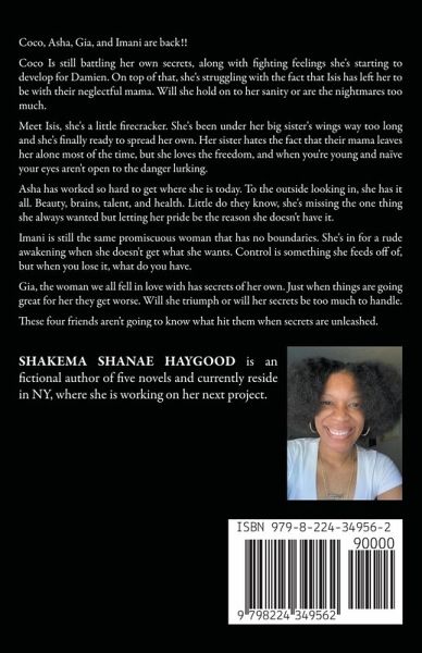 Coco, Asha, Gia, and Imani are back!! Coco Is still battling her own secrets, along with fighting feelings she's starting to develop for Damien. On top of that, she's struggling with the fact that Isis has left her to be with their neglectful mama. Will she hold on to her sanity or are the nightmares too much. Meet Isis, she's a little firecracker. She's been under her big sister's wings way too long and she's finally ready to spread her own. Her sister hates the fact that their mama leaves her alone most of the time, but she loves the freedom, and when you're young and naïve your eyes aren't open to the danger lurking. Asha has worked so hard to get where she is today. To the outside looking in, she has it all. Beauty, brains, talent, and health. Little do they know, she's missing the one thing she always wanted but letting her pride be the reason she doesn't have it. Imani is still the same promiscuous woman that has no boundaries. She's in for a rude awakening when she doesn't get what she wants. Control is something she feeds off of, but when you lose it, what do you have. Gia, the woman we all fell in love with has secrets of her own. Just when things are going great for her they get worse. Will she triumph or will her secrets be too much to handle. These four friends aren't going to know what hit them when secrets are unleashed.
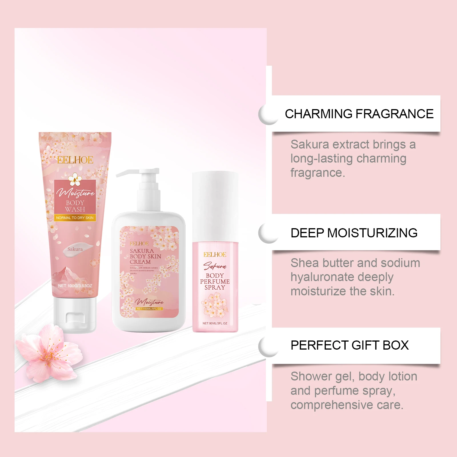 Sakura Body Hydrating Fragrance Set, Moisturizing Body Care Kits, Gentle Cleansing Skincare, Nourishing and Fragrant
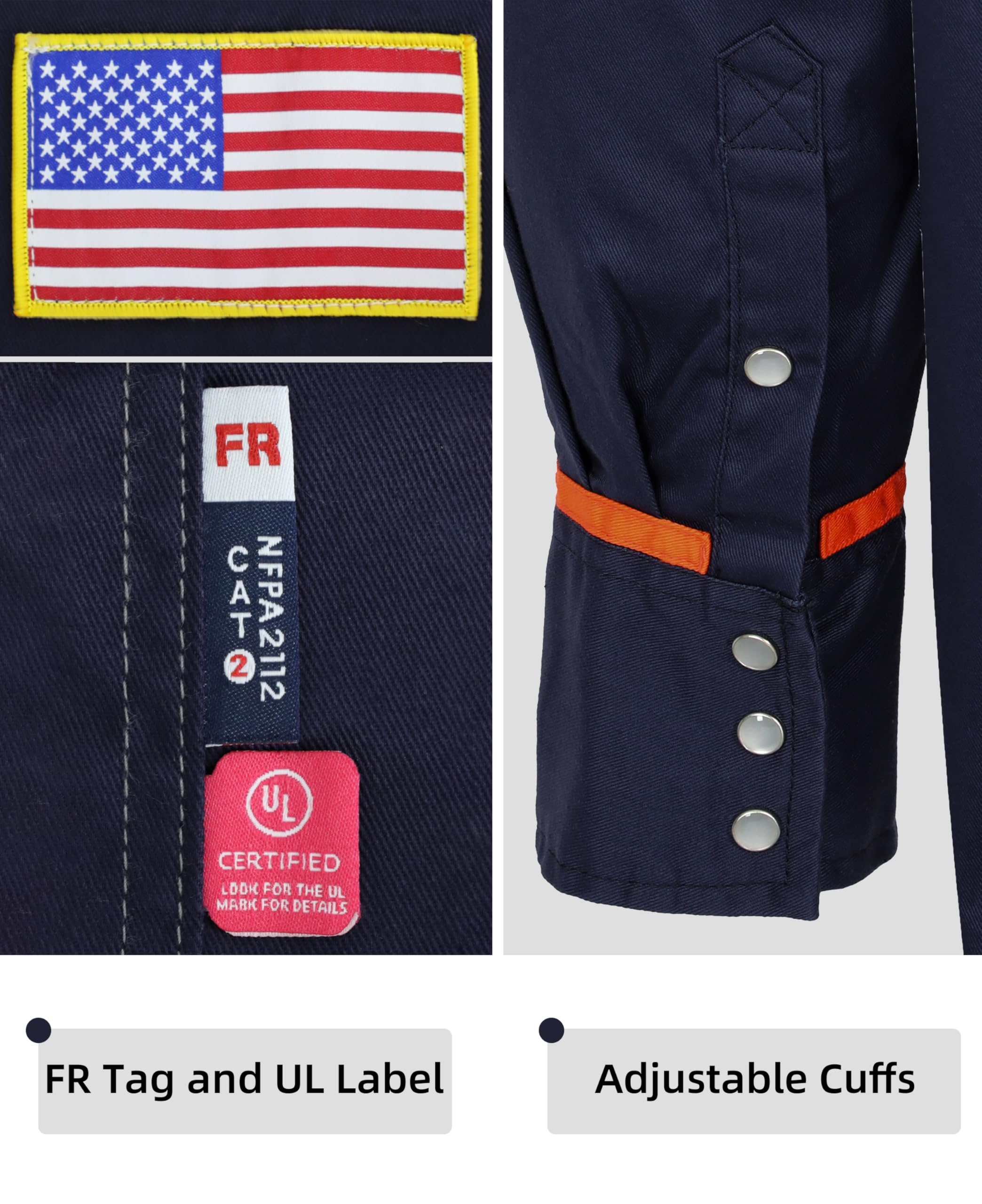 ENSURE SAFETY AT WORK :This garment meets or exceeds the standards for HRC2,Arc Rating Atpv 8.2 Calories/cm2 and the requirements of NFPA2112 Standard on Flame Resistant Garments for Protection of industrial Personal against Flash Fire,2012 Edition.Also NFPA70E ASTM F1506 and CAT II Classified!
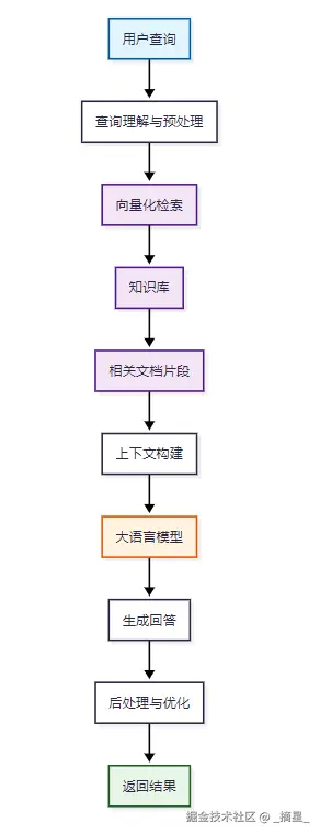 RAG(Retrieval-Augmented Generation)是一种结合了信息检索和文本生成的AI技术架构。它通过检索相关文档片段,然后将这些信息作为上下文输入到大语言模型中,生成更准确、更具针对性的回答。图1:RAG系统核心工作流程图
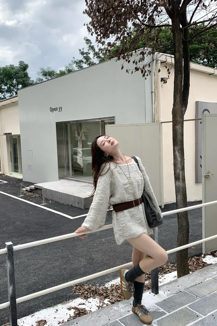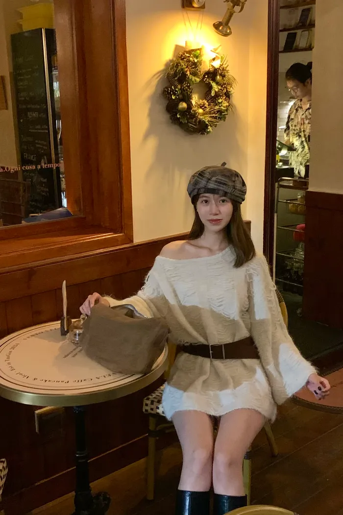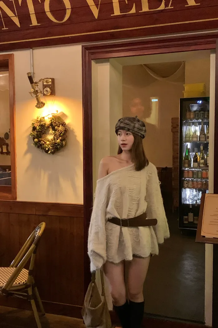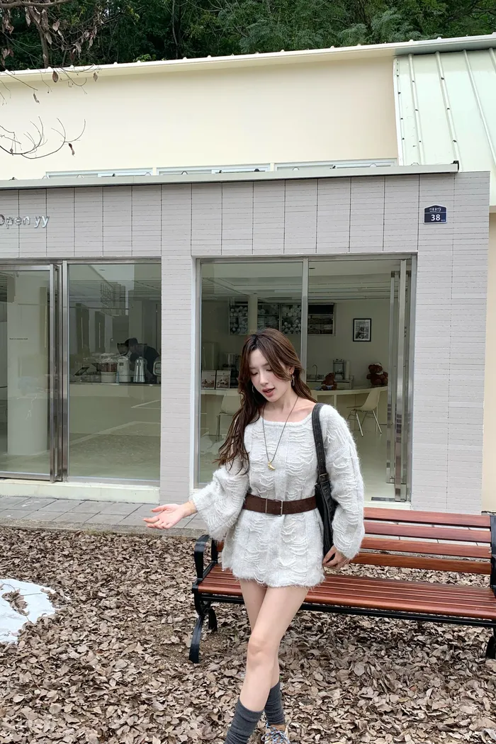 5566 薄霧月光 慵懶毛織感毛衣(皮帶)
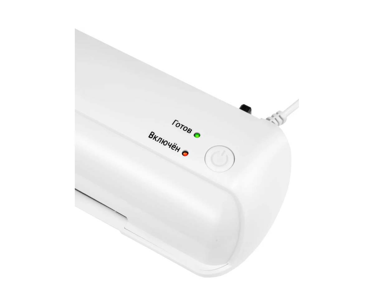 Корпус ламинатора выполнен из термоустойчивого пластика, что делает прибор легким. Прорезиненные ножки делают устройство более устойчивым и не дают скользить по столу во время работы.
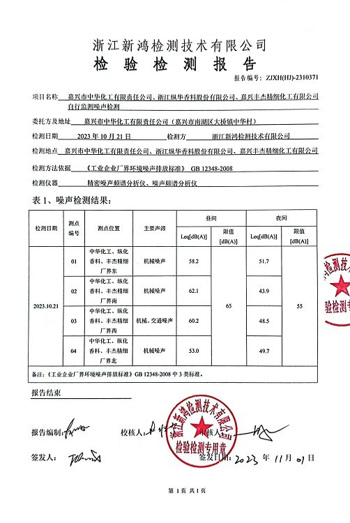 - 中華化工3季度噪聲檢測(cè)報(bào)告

========================

*What to do:* Output the records verbatim, every one of them, and keep the pictures out.

*Your solution:*
 Coco, Asha, Gia, and Imani are back!! Coco Is still battling her own secrets, along with fighting feelings she's starting to develop for Damien. On top of that, she's struggling with the fact that Isis has left her to be with their neglectful mama. Will she hold on to her sanity or are the nightmares too much. Meet Isis, she's a little firecracker. She's been under her big sister's wings way too long and she's finally ready to spread her own. Her sister hates the fact that their mama leaves her alone most of the time, but she loves the freedom, and when you're young and naïve your eyes aren't open to the danger lurking. Asha has worked so hard to get where she is today. To the outside looking in, she has it all. Beauty, brains, talent, and health. Little do they know, she's missing the one thing she always wanted but letting her pride be the reason she doesn't have it. Imani is still the same promiscuous woman that has no boundaries. She's in for a rude awakening when she doesn't get what she wants. Control is something she feeds off of, but when you lose it, what do you have. Gia, the woman we all fell in love with has secrets of her own. Just when things are going great for her they get worse. Will she triumph or will her secrets be too much to handle. These four friends aren't going to know what hit them when secrets are unleashed.
 Sakura Body Hydrating Fragrance Set, Moisturizing Body Care Kits, Gentle Cleansing Skincare, Nourishing and Fragrant
 ENSURE SAFETY AT WORK :This garment meets or exceeds the standards for HRC2,Arc Rating Atpv 8.2 Calories/cm2 and the requirements of NFPA2112 Standard on Flame Resistant Garments for Protection of industrial Personal against Flash Fire,2012 Edition.Also NFPA70E ASTM F1506 and CAT II Classified!
 RAG(Retrieval-Augmented Generation)是一种结合了信息检索和文本生成的AI技术架构。它通过检索相关文档片段,然后将这些信息作为上下文输入到大语言模型中,生成更准确、更具针对性的回答。图1:RAG系统核心工作流程图
 5566 薄霧月光 慵懶毛織感毛衣(皮帶)
 Корпус ламинатора выполнен из термоустойчивого пластика, что делает прибор легким. Прорезиненные ножки делают устройство более устойчивым и не дают скользить по столу во время работы.
 - 中華化工3季度噪聲檢測(cè)報(bào)告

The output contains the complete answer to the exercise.